Data is input to the 17th lipflop stage FFIK.

In this stage, one 7 Rizzo flop corresponds to each clock phase, resulting in four parallel data paths. The outputs are four data values obtained simultaneously from flip flop stage FF3. This flip-flop stage'FF
3 is triggered by the leading edge (or trailing edge) of the fourth clock phase φ4. Flip clock stage F'F1 and F
The intermediate phase φ2 between F2. A transparent latch stage L2 with two enable terminals is inserted in the φ3 data path. Therefore, these latch stage L2 and flip clock stage PF
3 constitutes a phase-selectable flip-flop according to the invention.

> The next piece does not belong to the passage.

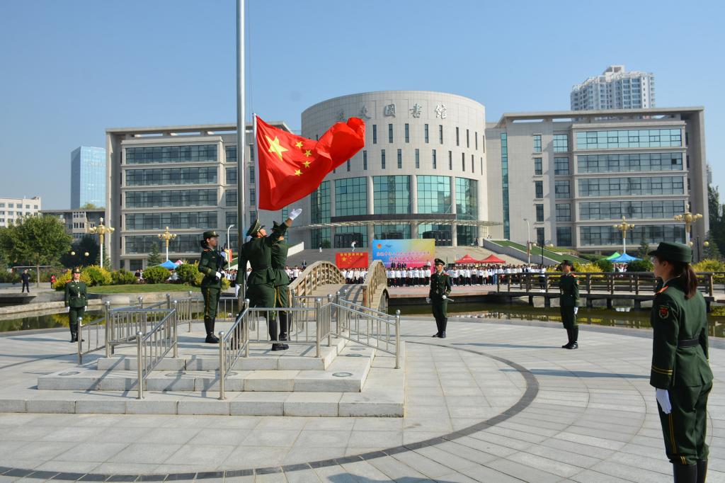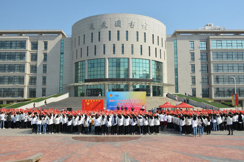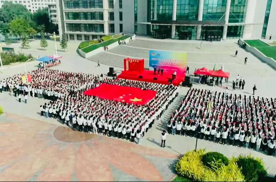 随后,全场师生挥动着手中的国旗,齐声高唱歌曲《我和我的祖国》和《光荣啊,中国共青团》,并手把手传递一幅巨大的国旗,最终在人群中央定格,用歌声和行动表达对祖国深深的祝福。

FIG. 4 shows a timing diagram of the circuit of FIG. 3 at a high frequency sampling rate. In operation in this case, the final data output transfer occurs at the leading edge of the fourth phase clock φ4, so the second phase and third phase data are within the undefined region. In order to ensure that the second and third phase data are not output from the flip-flop stage FF3 during this irregular period, the output terminal of the flip-flop stage FFI and the input terminal of the output clip-flop stage PF3 are connected. A latch stage L2 is inserted between the second and third phase data paths. When the mode control signal is at a low level, data is input into the latch means L2 at the falling edge of the fourth phase clock pulse while the second and third phase data are not unstable.

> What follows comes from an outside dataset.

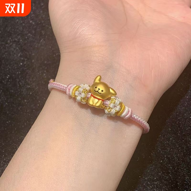 镀金潮流新款线条小狗手链甜美编织手绳转运情侣礼物送女生可爱款

As a result, the second and third phase data are essentially shifted by half a clock cycle so that the rising edge of the fourth phase clock pulse is provided to the output flip-flop stage FF'3. When, no data output is indeterminate.

At low frequency sampling rates, the mode control signal is high and the latch stage L2 is transparent so that the data is transferred to the output flip-flop stage FF with only a small delay.
Passed 3. In this condition, at the rising edge of the phase 4 clock signal, none of the data paths are undefined.

〔Effect of the invention〕

Therefore, in accordance with the present invention, a dual-enable transparent latch in series with a D-type flip-flop is used to create a phase-selectable flip-flop that latches data on the rising or falling edge of a clock pulse depending on the mode control command.・You can get a flop.

[Brief explanation of drawings]

1 is a block diagram of a preferred embodiment of the present invention; FIG. 2 is a timing diagram illustrating the operation of FIG. 1; FIG. 3 is a block diagram of a four-phase data login circuit using the present invention; 4
The figure is a timing diagram illustrating the operation of FIG. 3. In the figure, (II is a latch, O3 is a D-type 7-rip
It's a flop.

Claims (1)

[Scope of Claims] Input latch means receiving input data at an input terminal, receiving a clock signal at a first control terminal, and receiving a mode control signal at a second control terminal, the input terminal being connected to an output terminal of the latch means. flip-flop means clocked by one of the rising and falling edges of said clock signal, said input latch means being in a transparent state when said mode control signal is in a first state; A phase-selectable flip-flop, wherein the input latching means latches the input data by the other of a rising edge and a falling edge of the clock signal when the signal is in a second state.